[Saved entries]
--
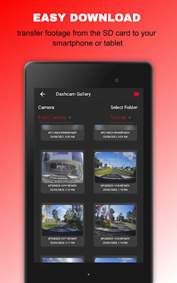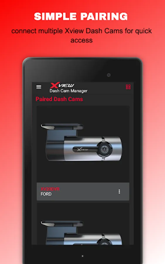 The Xview Dash Cam App works in conjunction with Xview Dash Cams. It provides a simple & convenient way to configure your camera, view recorded footage and download the footage to your smartphone.
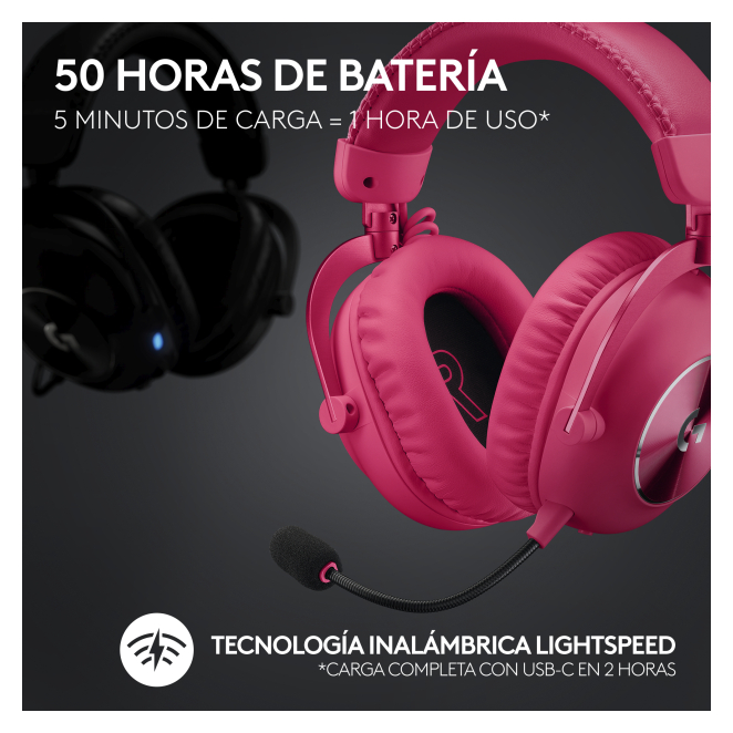Échale un vistazo a las razones más convincentes para elegir el Logitech G PRO X 2 LIGHTSPEED Headset como tu compañero de gaming: Disfruta de una conexión rápida y sin interrupciones que es fundamental para el gaming competitivo. Sumérgete completamente en el juego con la tecnología DTS Headphone:X 2.0. El micrófono boom con cancelación de ruido permite una comunicación clara y precisa. Hasta 50 horas de batería te aseguran largas sesiones de juego sin interrupciones. Materiales premium y diseño ergonómico para sesiones de juego prolongadas. Aquí tienes respuestas a algunas de las preguntas más comunes sobre el Logitech G PRO X 2 LIGHTSPEED Headset. Sí, el Logitech G PRO X 2 LIGHTSPEED Headset es compatible con PlayStation 5, PlayStation 4 y Nintendo Switch. La batería dura hasta 50 horas con una sola carga, ideal para largas sesiones de juego. Sí, el micrófono boom es completamente desmontable para mayor comodidad. Ofrece sonido envolvente 7.1 con tecnología DTS Headphone:X 2.0, inmersivo y de alta calidad. Sí, incluye un receptor inalámbrico USB tipo A, funda protectora y una guía de configuración rápida. Tipo de producto Auriculares Estilo de uso Diadema Uso recomendado Juego Color del producto Rosa Longitud de cable 1.8 m Tecnología de conectividad Inalámbrico Alcance inalámbrico 30 m Bluetooth Sí Audifonos Circumaural Frecuencia de auricular 20-20000 Hz Obstrucción 38 Ω Sensibilidad de auricular 87.8 dB Tipo de imán Neodimio Tipo de micrófono Boom Frecuencia de micrófono 100-10000 Hz Cancelación de ruido del micrófono Sí Sensibilidad de micrófono -39 dB Tipo de dirección de micrófono Unidireccional/Cardioide Sistema operativo Windows soportado Si Ancho 176 mm Profundidad 95 mm Altura 189 mm Peso 345 g Ancho del paquete 91.5 mm Cantidad 1 Cables incluidos Audio (3ˌ5mm), USB tipo A a USB tipo C Almohadillas para oidos Sí Conector de 3,5 mm Sí
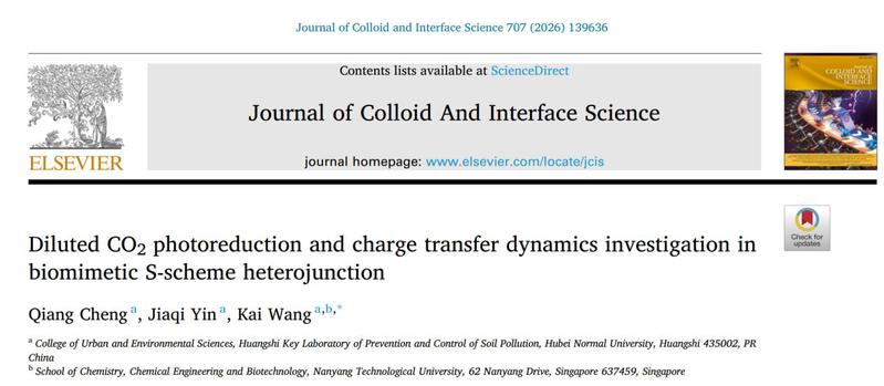12月,Journal of Colloid and Interface Science(《胶体与界面科学》)在线发表该团队研究成果,论文题为“Diluted CO2 photoreduction and charge transfer dynamics investigation in biomimetic S-scheme heterojunction”(《仿生S型异质结中低浓度CO₂光还原与电荷转移动力学研究》)。团队青年教师程强博士为第一作者,王楷教授为论文唯一通讯作者。Journal of Colloid and Interface Science是Elsevier出版社旗下的化学领域期刊,SCI中科院大类一区TOP期刊,最新影响因子为9.7。
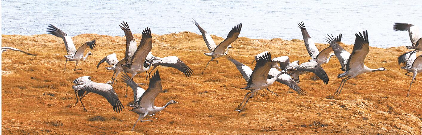 四月中旬的班德湖雪覆冰封,成千上萬(wàn)只斑頭雁棲息在湖心島嶼,它們用喙銜來(lái)草枝、莖葉、干藻、絨羽和碎布,營(yíng)造御寒的巢穴。江源,是鳥類的故園,凍土之上的酷寒之地,成群的雌雁用自己的體溫孵化雛鳥,它們啾啾的鳴叫回蕩在無(wú)際的曠野,這傲立天地間的“驚鴻照影”,不由得我們不為之嘆服!
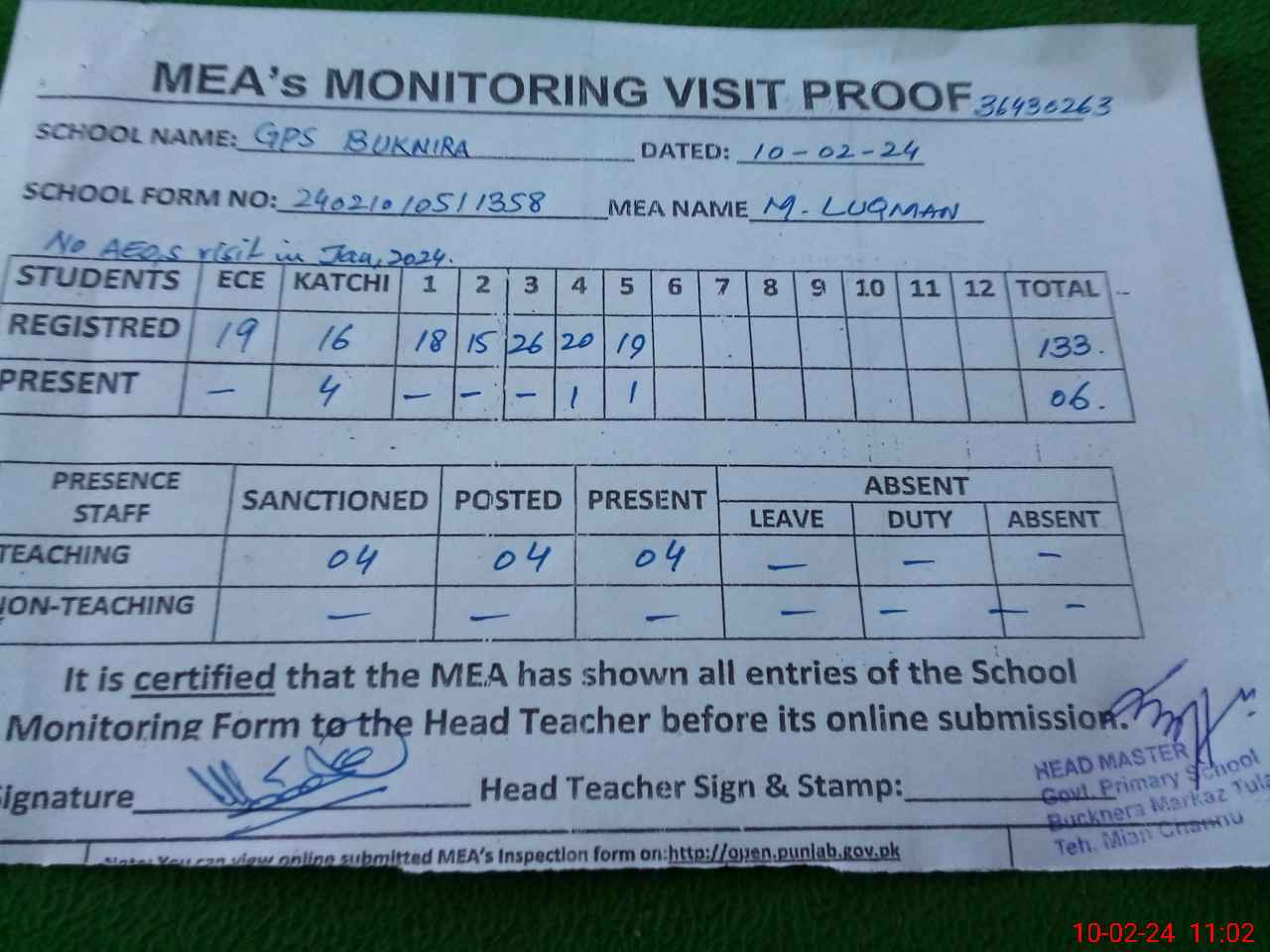 | Attendance Register | Head Teacher | MEA with School | Visit Proof |
--
> _Exercise prompt_: Pictures are to be left out when the lines from the one containing "12月,Journal of Colloid" through the end of the records above are repeated exactly; no other line is wanted.

> _Answer to this task_:
12月,Journal of Colloid and Interface Science(《胶体与界面科学》)在线发表该团队研究成果,论文题为“Diluted CO2 photoreduction and charge transfer dynamics investigation in biomimetic S-scheme heterojunction”(《仿生S型异质结中低浓度CO₂光还原与电荷转移动力学研究》)。团队青年教师程强博士为第一作者,王楷教授为论文唯一通讯作者。Journal of Colloid and Interface Science是Elsevier出版社旗下的化学领域期刊,SCI中科院大类一区TOP期刊,最新影响因子为9.7。
 四月中旬的班德湖雪覆冰封,成千上萬(wàn)只斑頭雁棲息在湖心島嶼,它們用喙銜來(lái)草枝、莖葉、干藻、絨羽和碎布,營(yíng)造御寒的巢穴。江源,是鳥類的故園,凍土之上的酷寒之地,成群的雌雁用自己的體溫孵化雛鳥,它們啾啾的鳴叫回蕩在無(wú)際的曠野,這傲立天地間的“驚鴻照影”,不由得我們不為之嘆服!
 | Attendance Register | Head Teacher | MEA with School | Visit Proof |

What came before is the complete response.